SURABAYA, FaktualNews.co – Menyusul kasus kekerasan seksual masih sering terjadi di Kota Pahlawan. Komisi D Bidang Kesra DPRD Surabaya, meminta pemerintah kota setempat membuat skema pola perlindungan anak.
“Tujuan skema ini agar anak-anak bisa tumbuh dan berkembang dengan aman dan nyaman di Kota Surabaya. Sehingga, Surabaya tidak hanya menyandang predikat kota layak anak, esensinya tidak demikian,” kata Ketua Komisi D DPRD Surabaya, Khusnul Khotimah Senin (27/6/2022).
Kasus kekerasan seksual terhadap anak di bawah umur yang juga disabilitas tuna rungu terjadi di kawasan Tambaksari, Surabaya beberapa hari lalu.

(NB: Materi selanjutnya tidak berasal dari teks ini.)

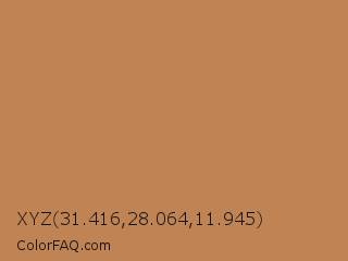 XYZ 31.416,28.064,11.945 Color is a normal orange color and the nearest color is Deer #ba8759. Hex code #c08353 and RGB value is rgb(192,131,83). In RGB color space, this color is composed of 75% red, 51% green, 33% blue, In CMYK color space, this color is composed of 0% cyan, 32% magenta, 57% yellow , 25% black , In HSL color space, this color has a hue angle of 26° , 46% saturation and 54% lightness.

Kasus yang menimpa anak disabilitas tersebut telah dilaporkan ke Polrestabes Surabaya.
Atas kejadian itu, Khusnul mengaku prihatin, karena di Surabaya masih sering terjadi kasus anak-anak yang mengalami kekerasan seksual. Padahal, Surabaya sudah meraih predikat kota ramah anak. Kondisi ini sangat ironis.
“Kasus anak disabilitas yang mendapat kekerasan seksual itu bukan yang pertama. Pada 2021, ada 104 kasus kekerasan anak di Surabaya. Terjadi karena beberapa penyebab. Namun, yang paling banyak karena faktor ekonomi. Selain itu juga karena pola asuh dan faktor lainnya,” kata dia.
Menurut Khusnul, agar kasus semacam itu tidak terus terulang di Kota Pahlawan, pihaknya meminta Pemkot Surabaya membuat langkah-langkah strategis dan taktis, seperti membuat skema tentang pola perlindungan anak yang jelas dan mudah diterapkan.
Selain mendorong Pemkot Surabaya membuat grand design, lanjut dia, pihaknya juga mendorong untuk segera merevisi Perda Nomor 6 Tahun 2011 tentang Penyelenggara Perlindungan Anak. Apalagi, beberapa waktu lalu DPR RI telah mengesahkan Undang-Undang Tindak Pidana Kekerasan Seksual (UU TPKS).
“Kami tahu, untuk melakukan pencegahan kekerasan seksual ini tidak hanya bisa dilakukan pemerintah, tapi juga diperlukan keterlibatan masyarakat. Makanya layanan di RT-RW perlu diperkuat dengan mengaktifkan kembali sistem ronda di kampung,” kata Khusnul.
Kepala Dinas Sosial (Dinsos) Kota Surabaya Anna Fajriatin sebelumnya mengaku pihaknya telah mengajukan pendampingan langsung kepada Kementerian Sosial berupa program pendampingan Satuan Bakti Pekerja Sosial (Sakti Peksos).
“Sakti Peksos akan mendapatkan Surat Keputusan (SK) dari Kemensos RI, yang juga diakui keabsahannya oleh Polri, yakni untuk membuatkan pendampingan, baik di tingkat pengadilan maupun kejaksaan,” ujar dia.
Meski demikian, katanya, Dinsos Surabaya akan selalu terbuka untuk memberikan bantuan lewat pelatihan keterampilan di UPTD Lingkungan Pondok Sosial (Liponsos) Kalijudan Kota Surabaya.
Menurut dia, sambil menunggu proses pendidikan kejar paket, korban juga bisa ikut belajar keterampilan bersama komunitas disabilitas. “Selain memberikan alat bantu dengar dan psikologis korban, kami sangat terbuka jika korban ingin bergabung untuk mengikuti pelatihan, seperti melukis atau membatik,” kata Anna.